A major review of electrolytes and the electric double layer was completed this year. Its scope was limited to the equilibrium regime, with the emphasis on the formally exact behaviour that could be deduced within the primitive model. The unifying theme was the close relation between the properties of the bulk electrolyte and those of isolated and interacting double layers. It was emphasised that there was a unique decay length for the bulk correlation functions, and that this was the same as for the double layer. Similarly, the ions of the bulk electrolyte could be recast with an effective charge so that the correlations had Debye-HŸckel form, just as there was an effective surface charge that made the Poisson-Boltzmann approximation for the double layer formally exact. The common properties of the electrolyte and the double layer are reflected in the similar theoretical techniques used to treat the two, and integral equation computational methods were covered in detail, with specific numerical comparisons for the effective surface charge and the double layer interaction. The review also briefly covered the influence of the solvent and the relevance for experiment of these newer notions of the double layer.
Conversion tables for the effective and actual surface charges were calculated for various ionic strengths. Since the effective surface charge would be obtained by fitting Poisson-Boltzmann approximation to measured double layer data, as is the common practice, these tables should be useful to experimentalists since they allow the actual amount of surface dissociation or ion binding to be determined. The practical implications of the saturation and reversal of the effective surface charge was also discussed, and it proved possible to relate these two unusual phenomena to changes in the structure of the double layer.
Foundations of Statistical Mechanics
The maximum entropy formulation of statistical mechanics is arguably the most satisfactory since it frees the discipline from the impediment of thermodynamics. Jaynes' original presentation makes it clear that one needs a density of states for an invariant measure of entropy, yet it seems that this observation has not been taken as seriously as it might have been. In the isobaric ensemble, (fluctuating volume, constant pressure), it becomes clear that one needs a density of volume states, if only to make the partition function dimensionless. The correct density is the a priori probability for a scale parameter, which in this case is the reciprocal of the volume. We have shown that this restores the consistency between the canonical and isobaric ensembles for the equation of state for an ideal gas and for hard-rods. The correction, which is negligable in the thermodynamic limit, is important for finite-sized simulations, for accurate equations of state, and for systems near criticality or the spinodal line.

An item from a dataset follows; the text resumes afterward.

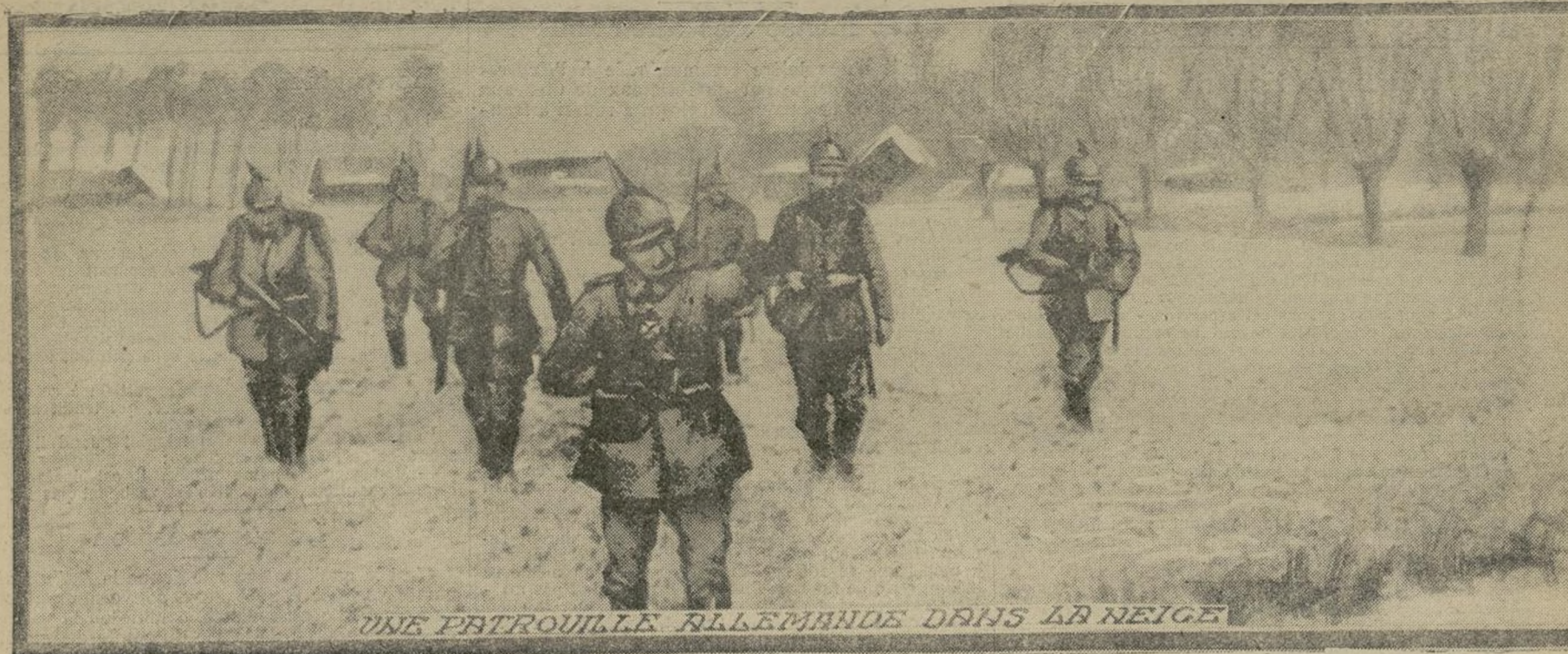
UNE PETROUILLE ALLEMANDE DANS LA NEIGE

Together with Dan Gordon, we have developed a computer model of the interaction of real atoms with evanescent light. The major innovation is the incorporation of real atomic level structures. We have been able to quantitatively model observations of dopplerons (ANU experiment) and of atom diffraction (Bonn experiment). This work is reported in D. Gordon's Honours thesis "Multi-level evanescent wave atom optics".
We have investigated the effect of environmental decoherence on quantum reflection of wave packets by potential wells. This is relevant to the reflection of wave packets by potential at surfaces. This work is in progress and reported by Glenn Moy.
In collaboration with Kylie Catchpole, Neil Manson and other members of the solid state spectroscopy group in the Laser Physics Center we have studied multiphoton transitions between atomic dressed states. Excellent agreement between numerical solutions of the Bloch equations and experimental absorption spectra was obtained. This work is reported in the Honours thesis of K. Catchpole, "Probe absorption spectra of a three-level system with two strong fields".